The data:
________________________________________
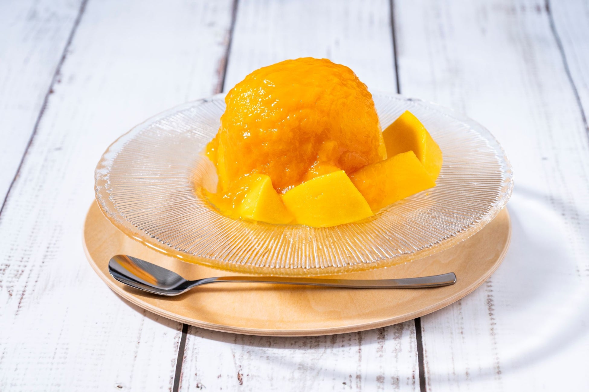 甘みと酸味のバランスがちょうど良いタイ産のマンゴーを使用。そのマンゴーソースにはパッションフルーツをブレンドし、爽快感のある酸味をプラスしました。純氷の中には杏仁プリンとヨーグルトアイスが入っています。
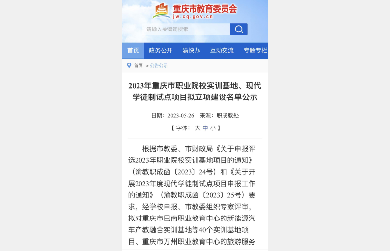 近日,重庆市教育委员会公布了《2023年重庆市职业院校现代学徒制试点项目立项建设名单》,Kaiyun官方网站登录入口获批为重庆市现代学徒制项目试点单位,试点专业为建筑工程技术专业。
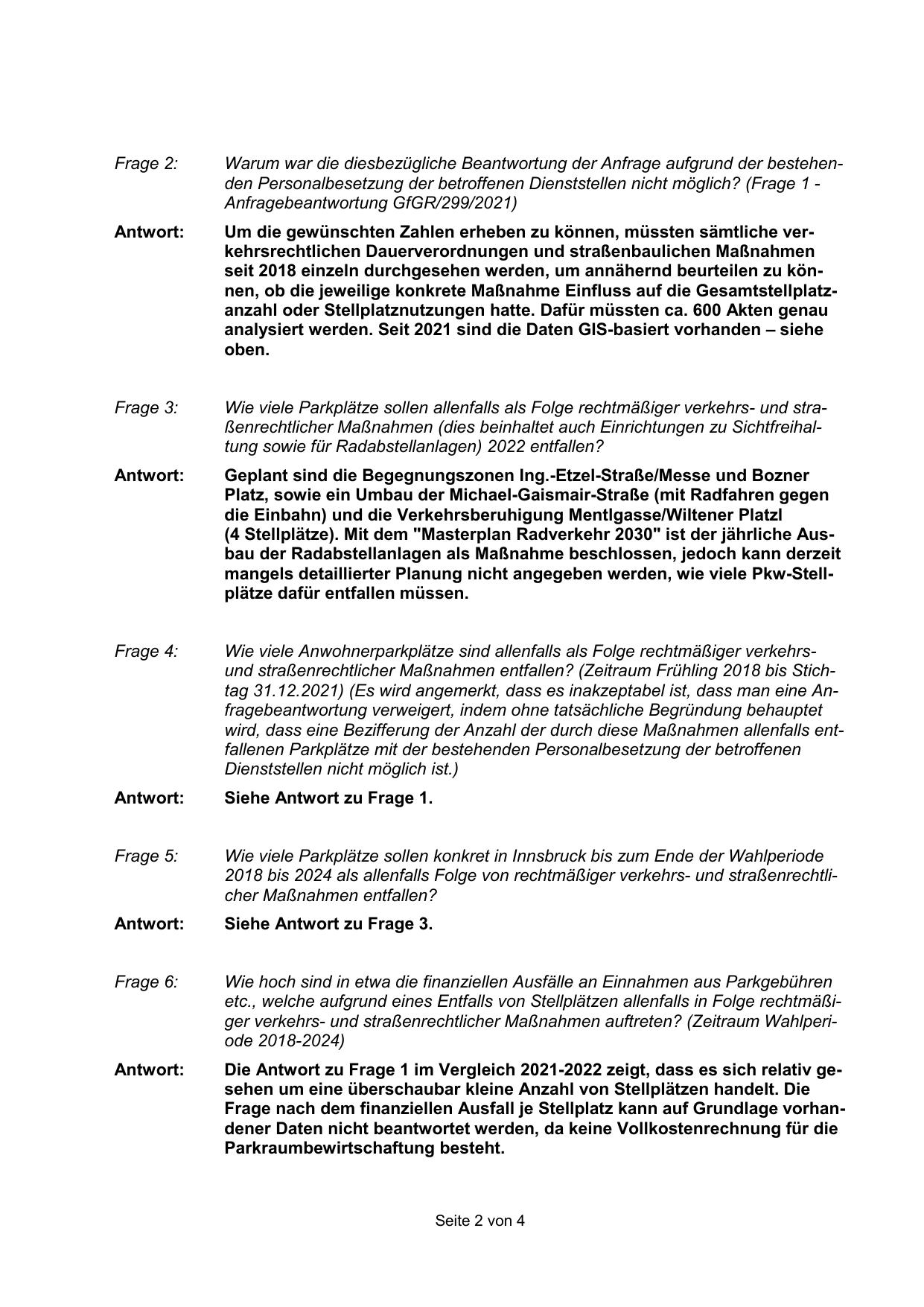Wie viele Anwohnerparkplätze sind allenfalls als Folge rechtmäßiger verkehrsund straßenrechtlicher Maßnahmen entfallen? (Zeitraum Frühling 2018 bis Stichtag 31.12.2021) (Es wird angemerkt, dass es inakzeptabel ist, dass man eine Anfragebeantwortung verweigert, indem ohne tatsächliche Begründung behauptet
________________________________________
The task:
Retype the data above verbatim, minus images.

Finished task:
 甘みと酸味のバランスがちょうど良いタイ産のマンゴーを使用。そのマンゴーソースにはパッションフルーツをブレンドし、爽快感のある酸味をプラスしました。純氷の中には杏仁プリンとヨーグルトアイスが入っています。
 近日,重庆市教育委员会公布了《2023年重庆市职业院校现代学徒制试点项目立项建设名单》,Kaiyun官方网站登录入口获批为重庆市现代学徒制项目试点单位,试点专业为建筑工程技术专业。
Wie viele Anwohnerparkplätze sind allenfalls als Folge rechtmäßiger verkehrsund straßenrechtlicher Maßnahmen entfallen? (Zeitraum Frühling 2018 bis Stichtag 31.12.2021) (Es wird angemerkt, dass es inakzeptabel ist, dass man eine Anfragebeantwortung verweigert, indem ohne tatsächliche Begründung behauptet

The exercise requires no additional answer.